Мы ехали медленно, никуда не торопясь, по моей просьбе превратив это путешествие в своего рода паломничество. Поверхностному наблюдателю могло бы показаться, что в стране царит мир и покой, но суровая реальность была совершенно иной, и поэтому нас сопровождал большой вооруженный отряд с развернутыми флагами Глостера. За моей безмятежностью также скрывались тревоги и сомнения. Я знала, что Ричард сделал все, что мог. На совете он пустил в ход все свое красноречие, а его доводы были весомы и убедительны, но Кларенсу также удалось произвести благоприятное впечатление на советников и короля. Эдуард до сих пор продолжал взвешивать аргументы братьев, не решаясь принять окончательное решение в пользу одного из них. Я запретила себе даже думать об этом. Но мои мысли тут же обратились к Изабелле. Нам так и не удалось с ней помириться, и я не видела путей сближения со своей несчастной сестрой.
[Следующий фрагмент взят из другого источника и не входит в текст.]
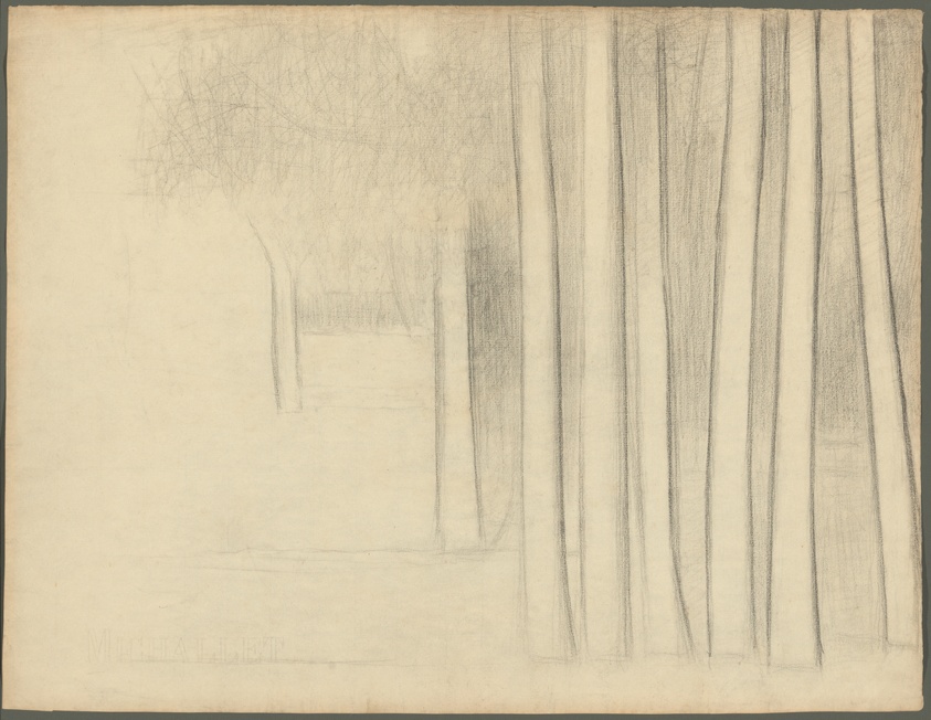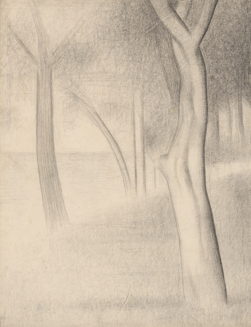 Trees (study for La Grande Jatte) (1884) by Georges Seurat. Black Conté crayon, on white laid paper, laid down on cream board.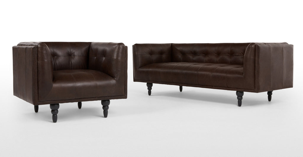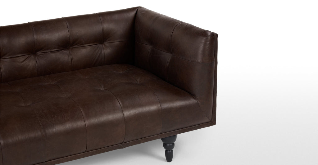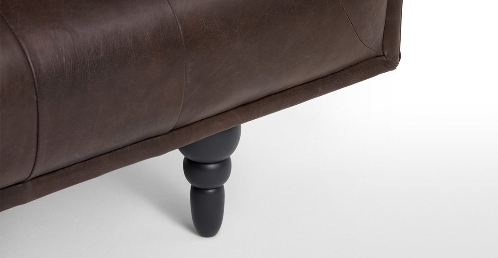 Connor deserves a double take, it’s one of our most handsome designs. Uncomplicated and fuss-free (just how we like ‘em), you won’t need to plump any cushions. Refined tufted lines give it a contemporary look. We added the option of soft plush velvet or premium leather to give it an additional layer of sophistication. Crafted with a solid wood frame and legs, Connor is made to last. We love the added detail on the legs. The dark stain gives it a rich finishing touch.
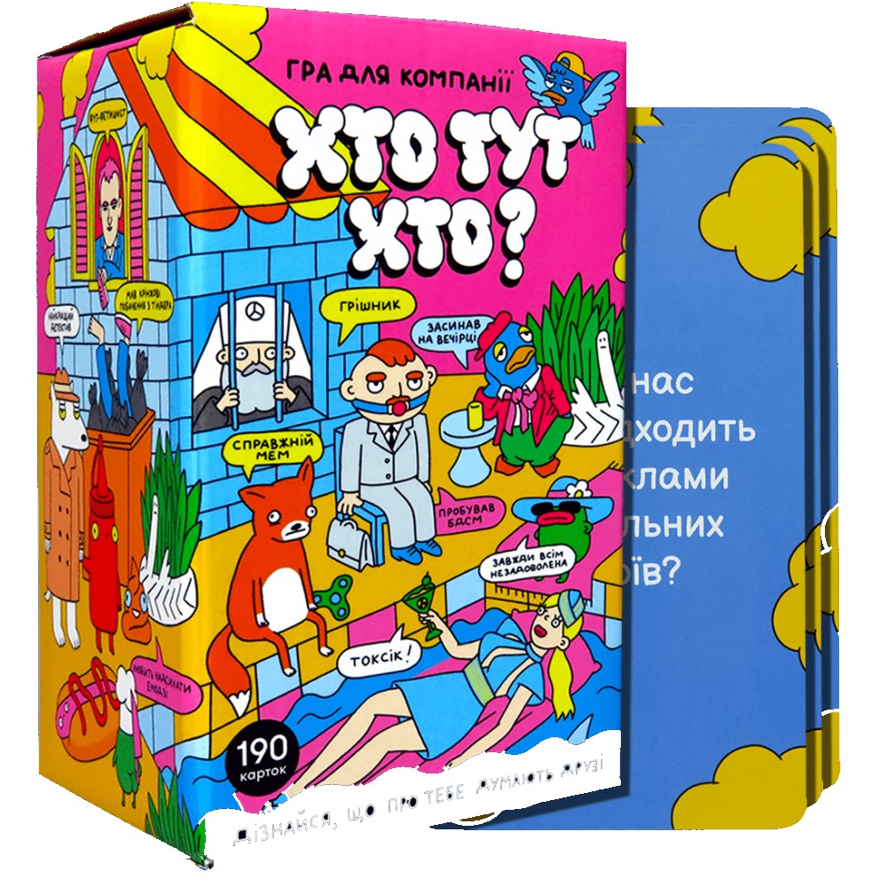 «Хто тут хто» — разговорная застольная игра для общества, в которой не зазорно показать на кого-то пальцем. Содержит 190 карточек, а также безалкогольную версию игры.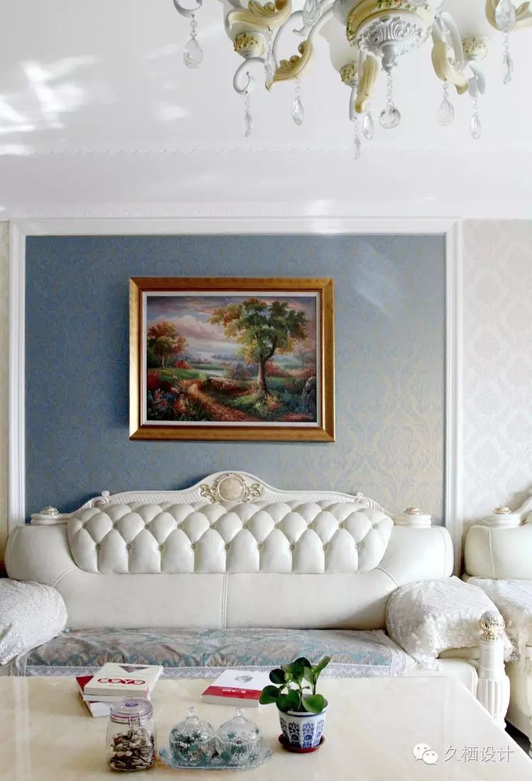 对称的沙发墙面装饰,结合了现在国人对方正感的追求正中间的独立油画,笼络视野,恰到好处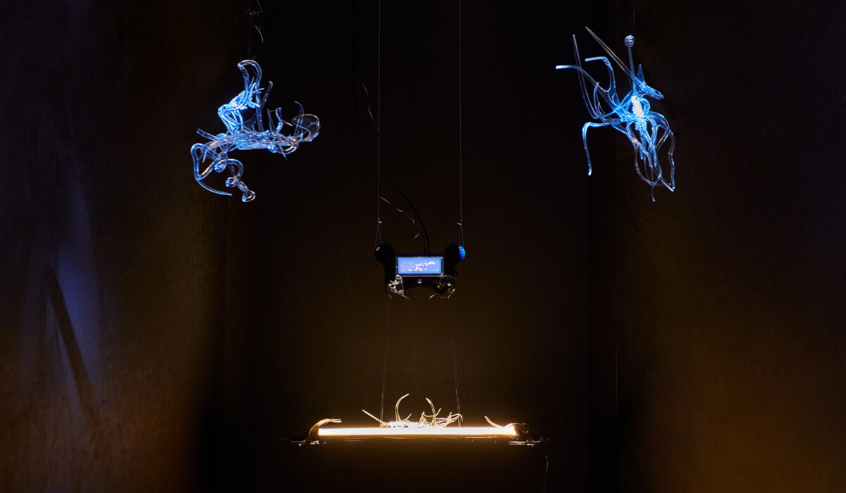 Positioned in the middle of the space, the work Excavation of Liquid Crystals depicts a fictitious story about how humans extracted artificial light from the glow-worm, an insect with light-emitting organs. This monolith-like site is only approachable through a set of artworks activated by different sources of light. Those act as characters inhabiting this environment. Behind that, in the back of the room, another work titled Maps of The Untamed Threshold, presents the “final” form of light as it becomes a digital screen playing an animation that recites stories about its creation.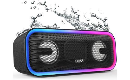 DOSS SoundBox Pro+ Bluetoothスピーカー 24W 重低音 ワイヤレス ポータブル 小型 ブルートゥース スピーカー【15時間再生/ワイヤレスステレオ対応/ライティング機能/IPX6 防水/マイク内蔵/Aux-in/TFカード対応/お風呂 アオトドア適用】(ブラック) : 家電&カメラ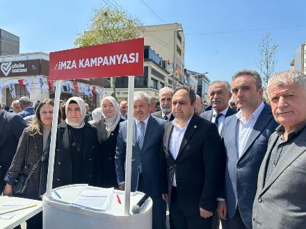 Halkımızın başlatılan bu kampanyaya teveccühünü, anayasal güvenceye duyulan ihtiyaç noktasındaki iradesini; kurulan stantlarda gayretle çalışan teşkilatımız ile bu emeğin meyvesi olarak toplanan imzalarda görmekteyiz.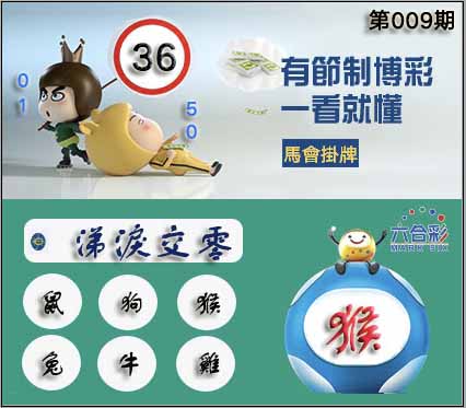 009期正版彩图挂:36 爆:猴 挂牌成语:涕泪交零 挂牌出肖:鼠狗猴兔牛鸡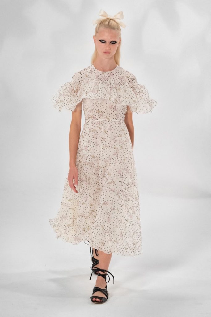 Allí se inspiró para recrear una colección más real y no tan de fantasía, tranfiriendo los motivos florales a delicados estampados que se imprimieron en vestidos y en blusas como si se hubieran pintado a mano.

Мы сделали остановку в монастыре Бишам к западу от Лондона, где я навестила могилы своих бабушки и дедушки — Ричарда Невилля, графа Солсбери, и Элис Монтегю. Я молча смотрела на их высеченные в камне портреты, излучающие спокойную уверенность в силе и богатстве Невиллей. Как они ошибались! Прошло совсем немного времени, и их род полностью утратил и свое политическое влияние, и земли.
Рядом с ними теперь лежал и мой отец.
«Ричард Невилль, граф Уорик» — гласила надпись на простой могильной плите.
Я решила, что обязательно поставлю ему великолепный памятник, который закажу самым лучшим мастерам. Граф будет изображен в доспехах, изготовленных для него в Италии, а в руках будет держать свой огромный меч.
— Уорик заслуживает памятника. — Стоящий рядом Ричард в очередной раз прочел мои мысли. — Я запомнил его как настоящего полководца, а также как любящего родственника, не жалеющего времени для вверенных ему мальчишек. Я восхищался им и стремился ему подражать. Как жаль, что он погиб так рано.
Мы не стали говорить о погубившем его предательстве. Или о неуемной жажде власти, которая и привела клан Невиллей к падению и полной утрате богатств и политического влияния.
И снова наш путь лежал на запад. Это было нелегкое путешествие, но я была обязана его проделать. Временами я замолкала и полностью уходила в себя. В такие минуты Ричард меня не тревожил, чувствуя и понимая мою боль. Я много рассказывала ему о жизни с Эдуардом Ланкастером, не утаив даже историю с птичками. Мой муж понимал, что меня просто безжалостно использовали и мне пришлось снести бесчисленное множество таких унижений, рассказать о которых у меня даже язык не поворачивался. Поэтому он уважал мое молчание, а по ночам держал меня в объятиях, пока я не засыпала.